3110504_scientistsThere is more encouraging news about the monoclonal antibody bevacizumab (Avastin) and its potential to boost the effectiveness of chemotherapy for people with malignant pleural mesothelioma.

A pair of oncology researchers from Texas have just released their summary of the the most recent published studies on bevacizumab. They conclude that, for the right patients, bevacizumab may improve mesothelioma outcomes and extend survival by blocking tumor blood vessel formation (angiogenesis).

This ability of bevacizumab to help standard mesothelioma chemotherapy work better is why the drug has been included as a possible first-line mesothelioma treatment in the National Comprehensive Cancer Network guidelines since 2016.

Bevacizumab for Mesothelioma Therapy

Bevacizumab is a monoclonal antibody that inhibits angiogenesis in mesothelioma tumors by blocking VEGF, a protein that stimulates new blood vessel formation.

In 2016, in a study that went by the acronym ‘MAPS’, French researchers randomly assigned 448 pleural mesothelioma patients to receive either standard two-drug chemotherapy with pemetrexed and cisplatin or a three-drug combination with bevacizumab. The three-drug combination lowed the risk of death from mesothelioma by 23 percent.

“The MAPS study represents a significant step forward in the treatment of unresectable malignant pleural mesothelioma and has established the combination of cisplatin, pemetrexed, and bevacizumab as a reasonable option for appropriately selected MPM patients who are candidates to receive bevacizumab,” write Pavel Levin, MD, PhD, and Jonathan Dowell, MD, of the University of Texas Southwestern Medical Center, authors of the new summary report.

As Drs. Levin and Dowell explain in OncoTargets and Therapy, after “extensive evaluation”, the news about bevacizumab and other drugs that block VEGF in mesothelioma tumors, continues to be encouraging.

Limitations of Avastin in Mesothelioma Treatment

Although multiple studies have confirmed the potential of bevacizumab in mesothelioma treatment, there are still limitations to its use Because it has been linked to cardiac-related complications, mesothelioma patients who want to try it must be carefully-screened to avoid serious side effects.

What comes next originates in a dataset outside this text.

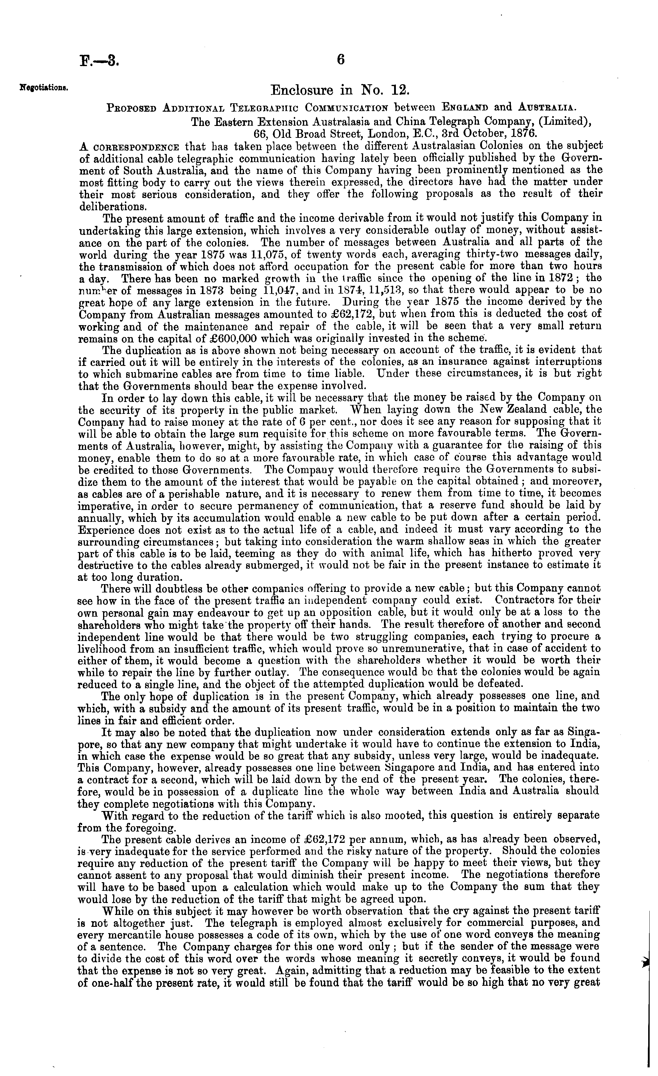 Enclosure in No. 12. Proposed Additional Telegbapiiic Communication between England and Australia. The Eastern Extension Australasia and China Telegraph Company, (Limited), 66, Old Broad Street, London, E.C., 3rd October, 1876. A correspondence that has taken place between the different Australasian Colonies on the subject of additional cable telegraphic communication having lately been officially published by the Government of South Australia, and the name of this Company having been prominently mentioned as the most fitting body to carry out the views therein expressed, the directors have had the matter under their most serious consideration, and they offer the following proposals as the result of their deliberations. The present amount of traffic and the income derivable from it would not justify this Company in undertaking this large extension, which involves a very considerable outlay of money, without assistance on the part of the colonies. The number of messages between Australia and all parts of the world during the year 1875 was 11,075, of twenty words each, averaging thirty-two messages daily, the transmission of which does not afford occupation for the present cable for more than two hours a day. There has been no marked growth in the traffic since the opening of the line in 1872 ; the number of messages in 1873 being 11,047, and in 1874, 11,513, so that there would appear to be no great hope of any large extension in the future. During the year 1875 the income derived by the Company from Australian messages amounted to £62,172, but when from this is deducted the cost of working and of the maintenance and repair of the cable, it will be seen that a very small return remains on the capital of £600,000 which was originally invested in the scheme. The duplication as is above shown not being necessary on account of the traffic, it is evident that if carried out it will be entirely in the interests of the colonies, as an insurance against interruptions to which submarine cables are from time to time liable. Under these circumstances, it is but right that the Governments should bear the expense involved. In order to lay down this cable, it will be necessary that the money be raised by the Company on the security of its property in the public market. When laying down the New Zealand cable, the Company had to raise money at the rate of 6 per cent., nor does it see any reason for supposing that it will be able to obtain the large sum requisite for this scheme on more favourable terms. The Governments of Australia, however, might, by assisting the Company with a guarantee for the raising of this money, enable them to do so at a more favourable rate, in which case of course this advantage would be credited to those Governments. The Compauy would therefore require the Governments to subsidize them to the amount of the interest that would be payable on the capital obtained ; aud moreover, as cables are of a perishable nature, and it is necessary to renew them from time to time, it becomes imperative, in order to secure permanency of communication, that a reserve fund should be laid by annually, which by its accumulation would enable a new cable to be put down after a certain period. Experience does not exist as to the actual life of a cable, and indeed it must vary according to the surrounding circumstances; but taking into consideration the warm shallow seas in which the greater part of this cable is to be laid, teeming as they do with animal life, which has hitherto proved very destructive to the cables already submerged, it would not be fair in the present instance to estimate it at too long duration. There will doubtless be other companies offering to provide a new cable ; but this Company cannot see how in the face of the present traffiG an independent company could exist. Contractors for their own personal gain may endeavour to get up an opposition cable, but it would only be at a loss to the shareholders who might take the property off their hands. The result therefore of another and second independent line would be that there would be two struggling companies, each trying to procure a livelihood from an insufficient traffic, which would prove so unremunerative, that in case of accident to either of them, it would become a question with the shareholders whether it would be worth their while to repair the line by further outlay. The consequence would be that the colonies would be again reduced to a single line, and the object of the attempted duplication would be defeated. The only hope of duplication is in the present Company, which already possesses one line, and which, with a subsidy and the amount of its present traffic, would be in a position to maintain the two lines in fair and efficient order. It may also be noted that the duplication now under consideration extends only as far as Singapore, so that any new company that might undertake it would have to continue the extension to India, in which case the expense would be so great that any subsidy, unless very large, would be inadequate. This Company, however, already possesses one line between Singapore and India, and has entered into a contract for a second, which will be laid down by the end of the present year. The colonies, therefore, would be in possession of a duplicate line the whole way between India and Australia should they complete negotiations with this Company. With regard to the reduction of the tariff which is also mooted, this question is entirely separate from the foregoing. The present cable derives an income of £62,172 per annum, which, as has already been observed, is very inadequate for the service performed and the risky nature of the property. Should the colonies require any reduction of the present tariff the Company will be happy to meet their views, but they cannot assent to any proposal that would diminish their present income. The negotiations therefore will have to be based upon a calculation whi

In addition, Drs. Levin and Dowell acknowledge that some of the studies on bevacizumab for mesothelioma have been small and most have focused primarily on people with the epithelioid variety of mesothelioma, so that the benefits of bevacizumab for people with other types of mesothelioma are unclear.

Even with these limitations, bevacizumab and drugs like it continue to be the subjects of new mesothelioma studies, some of which suggest that these drugs may fight mesothelioma in more than one way.

“Emerging evidence also suggests that VEGF may suppress T-cell-mediated immune response, and therefore, anti-VEGF therapies may augment the effect of immunotherapy in cancer,” write Levin and Dowell. Immunotherapy is currently one of the most exciting and intensely-studied approaches to combating mesothelioma and other types of cancer.

In addition to bevacizumab, other VEGF-inhibitors that have been shown to have an impact on mesothelioma chemotherapy  without causing prohibitive complications include sorafenib (Nexavar), cediranib (Recentin), and nintedanib (Ofev).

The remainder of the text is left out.